I quickened my stride. The path grew steeper and my breath shorter. More spots danced before my eyes. Other pedestrians blocked my view. I lost sight of the man ahead of me, until I thought I had lost him entirely. Then I caught a glimpse of the green tunic, farther ahead of me than before.
‘Tiro!’ I called out.
Did the man pause for a moment, cock his head, then hurry on? Or did I imagine it?
‘Tiro!’ I shouted, gasping for breath.
This time, the man in the green tunic didn’t pause. If anything, he walked faster. He reached the top of the Ramp well ahead of me. Before he vanished, it seemed to me that he turned to the right, in the direction of Cicero’s house.
I reached the top of the Ramp and sat heavily on a yew stump. The stately tree had stood in that spot for years, since long before I came to live on the Palatine; I had been able to see the top of it from my garden courtyard. Early that winter, a particularly violent storm had blown the tree over. The limbs had been cut up for firewood, but the stump had been left as a convenient spot to sit and rest after the climb from the Forum. Poor old yew, I thought, not good for much but still good for something. I would have laughed, had I breath to spare. Pompey expected me to track down a killer for him. I couldn’t even follow a man up the Ramp.
Begrudgingly, a glowering Cicatrix admitted me to my own house. ‘You’ve got a visitor,’ he said in a surly voice, breathing garlic at me.
In the garden, I found Bethesda, Diana, and little Aulus waiting for me. They had been joined by Eco.
‘Papa!’ He gave me a forlorn look and a bruising hug. ‘I’ve heard the news about Davus. Damn Pompey to Hades!’
‘Not so loud. Pompey’s man is only a few steps away.’
‘Yes, I saw him on the way in. Mother and Diana explained about that, too. Pompey is such a bully.’
‘Lower your voice.’
Instead Eco spoke louder, as if intentionally pitching his voice for Cicatrix to hear. ‘Absurd, that a citizen in his own home should have to whisper every time he makes reference to the so-called Great One!’
I couldn’t remember the last time I had seen my even-tempered son in such a belligerent mood. The crisis was provoking reactions in all of us. ‘Did you bring Menenia and the twins with you?’ I asked.
‘Through that mob in the Forum? No, they’re safe at home.’
‘How are they taking things?’
‘Titus and Titania are old enough to know that something’s very wrong – you can’t hide much from two eleven-year-olds. But they don’t really understand what’s happening, or likely to happen.’
‘I’m not sure anyone does, not even Caesar or Pompey. And their mother?’

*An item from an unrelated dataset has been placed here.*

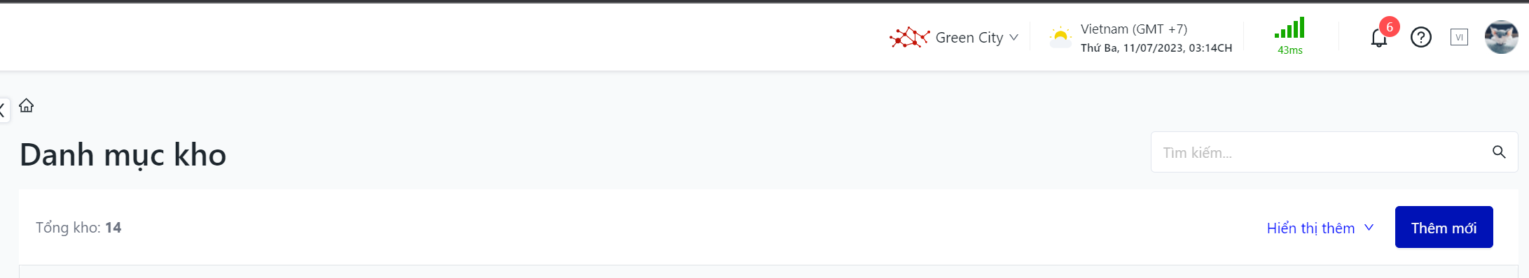 I. Các điều kiện lọc và tìm kiếm danh mục kho

‘Serene as the face of Lake Alba, even though the Menenii are as divided as any family in Rome – some for Pompey, some for Caesar, the rest trying to find a hole to hide in till it’s all over. But don’t worry about us, Papa. After the Clodian riots, I put a lot of effort and expense into making the old family house secure. It’s practically a fortress now, there are so many bars on the doors and spikes around the roof. It sounds as if you could have used something to keep climbers off the roof here.’ He turned his eyes up to the roof surrounding the courtyard. ‘Too bad about Pompey’s unfortunate kinsman. And the outrage of it, that Pompey should use such a tragedy to force you into his service, and practically kidnap Davus –’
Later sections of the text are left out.